Actually, Harrah’s is ubiquitous where forward-thinking initiatives are concerned. Consider the high-tech keys Cisco Systems is designing for Caesars Palace. “By touching the key to digital signs … [customers] see deals for fine dining, massages or shopping at Harrah’s 10 Las Vegas hotels,” writes Bloomberg. To its credit, Harrah’s realized that the immensity of its Strip portfolio — and the accompanying information overload for consumers — demanded a 21st century response. Introducing this at Caesars reinforces that property’s cachet, although one presumes Harrah’s is planning to weave a cat’s cradle of such digital message boards throughout most of its Vegas properties … though one never knows about Imperial Palace.

Of course, Harrah’s is still dining out on its eschewal of odious “resort fees” — and rightly so. It’s even launched a Web site touting that fact. The company is banking very cleverly on the ire generated by sandbagging one’s customers with an obligatory fee for optional services. (If I don’t want to use the hotel gym, why should I be charged for this “amenity”?) As a Harrah’s veep puts it, “We follow what our competitors are doing … and we have witnessed some unpleasant conversations in lobbies.” I’ll bet.

If anything, Harrah’s ought to be particularly sensitive on this issue, having botched its “Buffet of Buffets” promotion last spring. After making an offer so generous it wouldn’t have penciled out, Harrah’s clawed it back overnight. Bad move. Agita all around. Anyway, is it worth the “resort fee” kick in the pants to stay at a slightly nicer casino-hotel — given that Harrah’s hasn’t been keeping up appearances to the same extent as its Strip competitors? On principle, I’d say, “Yes.” “No,”
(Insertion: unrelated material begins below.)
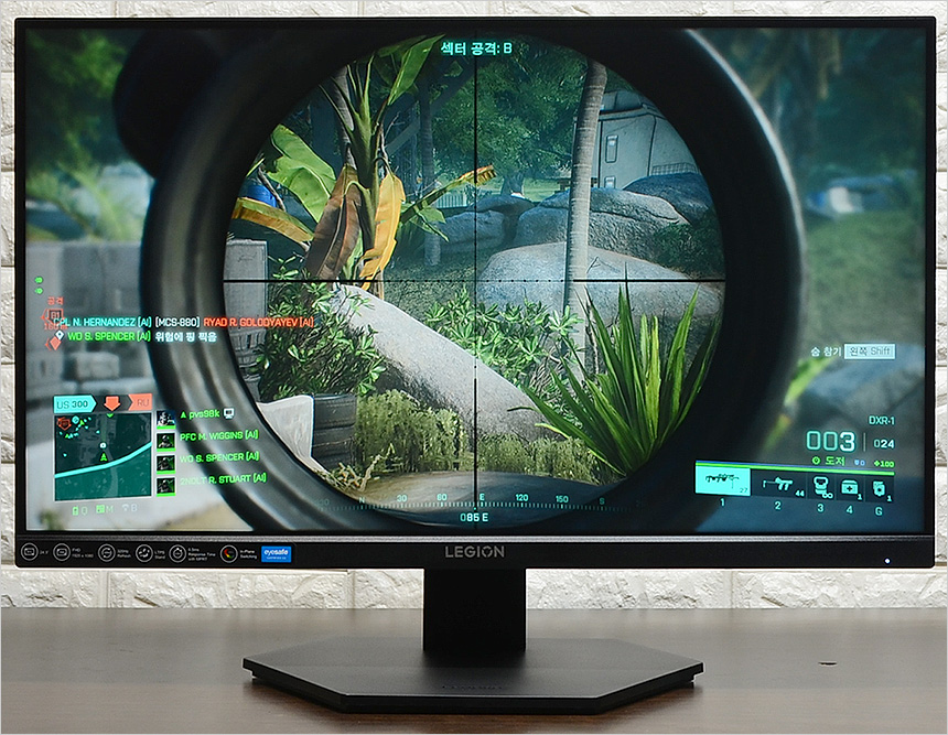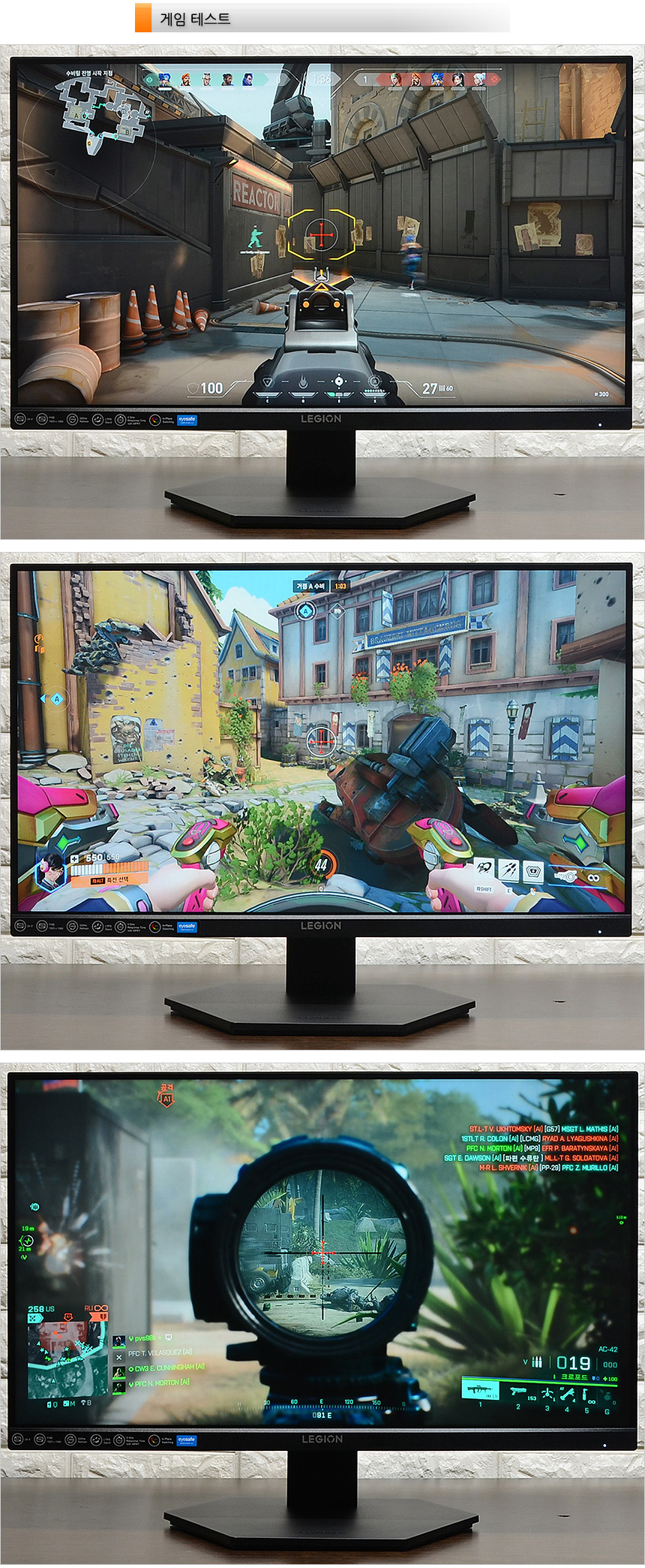 또한 조준선을 지원해 사격 정확성을 높일 수 있었으며 어댑티브 싱크를 지원해 화면찢어짐 등으로 인한 불편없이 게임에 몰입할 수 있었다. FPS1 모드와 다크부스트를 통해 시인성을 개선하니 암부에서도 캐릭터와 배경을 확연하게 구분할 수 있었다. 움직임 이나 영상의 변화를 빠르게 인지하고 반응해야 하는 FPS 게임용으로 더할나위 없는 선택이 될 것이다.

One shining good deed that went almost unnoticed was Harrah’s partnership with Clean the World. At least 10K “gently used” bars of soap have been sent from Paris-Las Vegas to the Florida-based nonprofit, which repurposes the soap for poverty-stricken corners of the world (i.e., most everywhere). Happily, this will also generate or at least sustain some local jobs. Clean the World is opening a recycling plant in Clark County and, with Bally’s Las Vegas, Caesars and IP on board now, Harrah’s thousands of little soap bars should keep recyclers busy for a good, long while. If this isn’t the feel-good story of the casino industry in 2010, show me a better one.

Even as Harrah’s plans to quasi-IPO the 10% of the company owned by Paulson & Co., not everyone is feeling warm fuzzies about it. KDP Advisors‘ customarily outspoken Barbara Cappaert was characteristically blunt in her assessment. “This is not enough to have us upgrade our ranking on Harrah’s, particularly after the poor second quarter the company just reported. Instead, it’s just another headline that appears promising but in fact does nothing to de-lever an already over-leveraged gaming company.”

Indeed, considering the steep discount at which John Paulson got his tenth of Harrah’s, will his savings be passed on to the stock market in the form of a comparably low introductory share price? Nor do many seem to think that proceeds from the offering will go toward reducing the company’s notorious debt load.

One sign that Vegas casinos are adjusting to the new economy is an unlikely growth sector: family reunions. If you want to get everyone together in a place that’s readily accessible and relatively affordable, Las Vegas makes a good deal of sense … unless you’re my parents, whose aversion to Sin City keeps them away.